İstediğimiz sorudan başlayabilir miyiz?

Türkiye Devrimi için sorulacak sorular var.

Bu soruların önemlice bir kısmı ancak aynı anda ya da birbirlerinin üstüne bindirilerek yanıtlandığında ortaya anlamlı bir yanıt çıkıyor.

Belki de tam bu karmaşıklık nedeniyle ülkemizde siyasal düşünce muazzam bir çeşitlilik barındırıyor.  Çeşitlilik, ne yazık ki “kombinasyonların” çokluğuna değil, “tek tek” ele alınabilecek meselelerin çokluğuna dayanıyor.

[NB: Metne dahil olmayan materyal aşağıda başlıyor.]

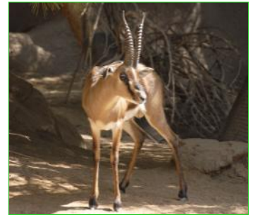
Cuvier's Gazelle at San Diego Zoo.

For all that they do to ensure a future for wildlife in the Sahara, SCF salutes the Zoological Society of San Diego, the San Diego Zoo, and the San Diego Wild Animal Park as true Friends of the Sahara.
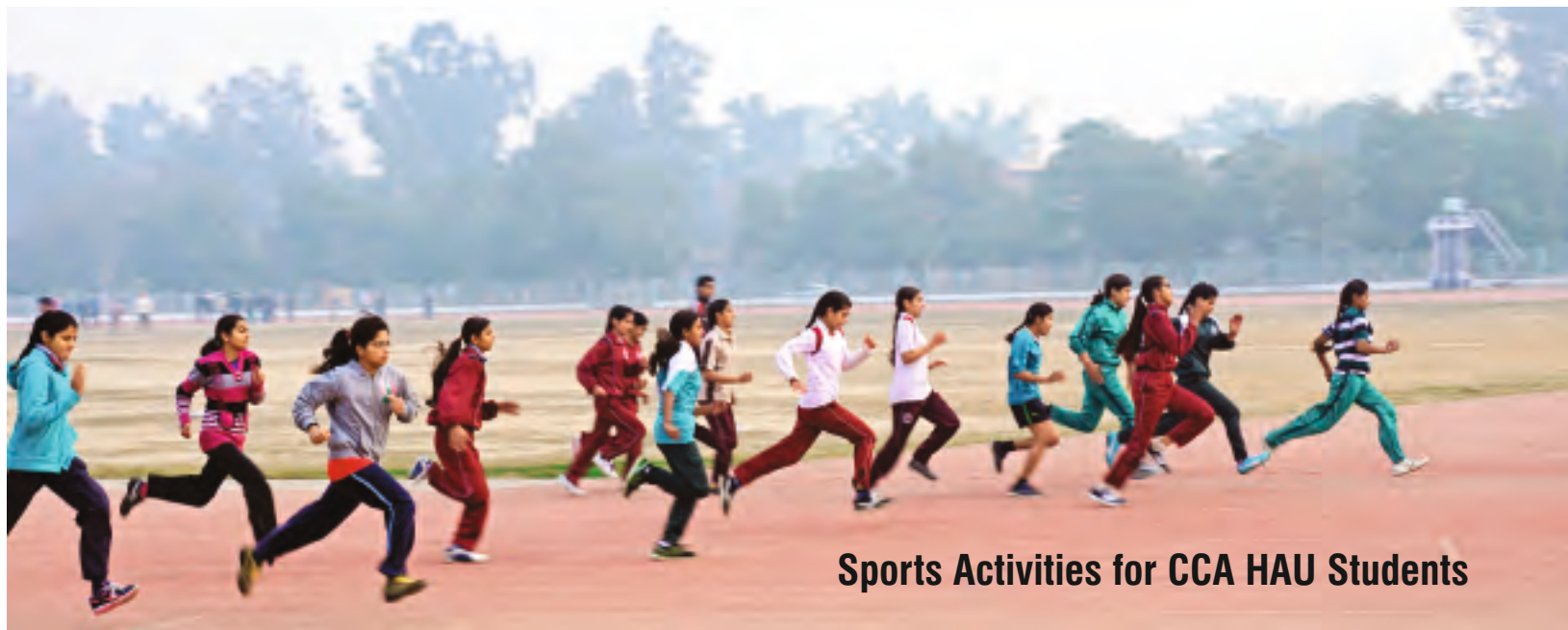
Sports Activities for CCA HAU Students

Tehsildar/Naib Tehsildar Signature with seal
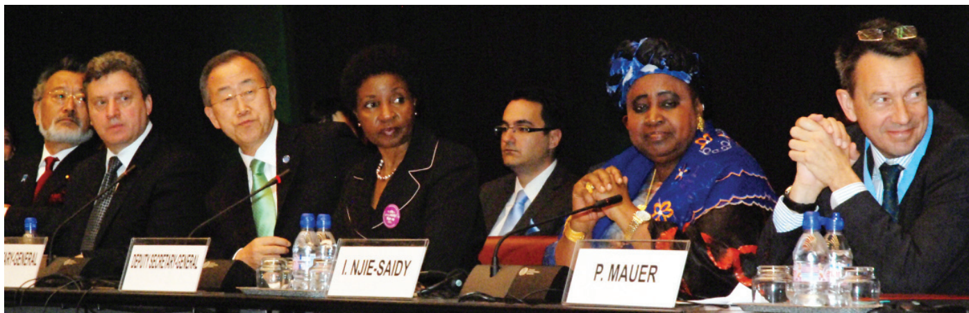
L-R: Shozo Azuma, Senior Vice Minister for Disaster Management, Japan; Gjorge Ivanov, President, Former Yugoslav Republic of Macedonia; Ban Ki-moon, UN Secretary-General; Asha-Rose Migiro, UN Deputy Secretary-General; Ajaratou Isatou Njie-Saidy, Vice President, The Gambia; and Peter Maurer, Secretary of State for Foreign Affairs, Swiss Confederation

how to build resilience in cities. The outcomes of the debate contributed to the agenda of the Third Session of the Global Platform for DRR.
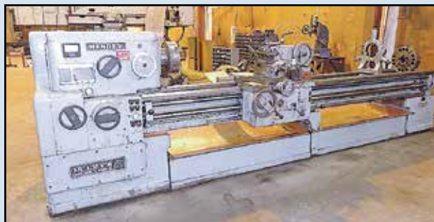
HENDEY Lathe , Mdl. 2516x126, 25' swing, 120' DBC, 2' spindle bore, 13-1,500 RPM, 20 HP, TS, SR, 12' 3-jaw chuck, SN DHL20.
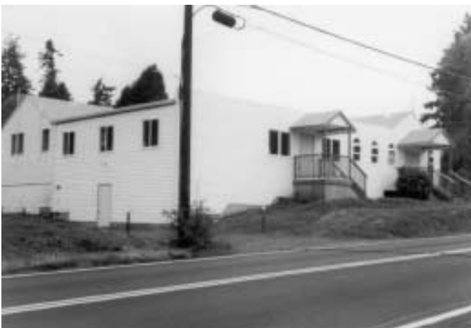
Another exterior view shows the entirety of the new parish hall addition.
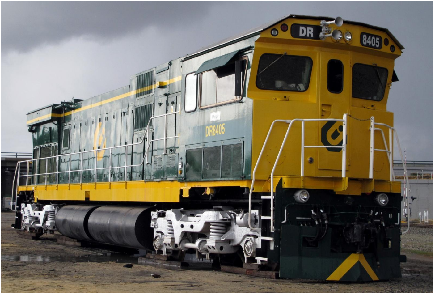
DR8405 stored at Bellevue August 1st note no centre axle.

Bence böyle. Kavramlar ortaya atılıyor, kavramlar eskitiliyor. Stratejiler beliriyor, taktik çekiştirmelerle zenginleştiriliyor ve sonra çöküyor. Bir gün orada gördüğünüzü yarın bambaşka bir yerde buluyorsunuz. Orducu dediğiniz Marksist, Kürt siyasetini koltuğuna alan bir stratejinin savunucusu olarak karşınıza çıkıyor. Çünkü siyasal düşüncenin önünde geniş bir tanımlama alanı var.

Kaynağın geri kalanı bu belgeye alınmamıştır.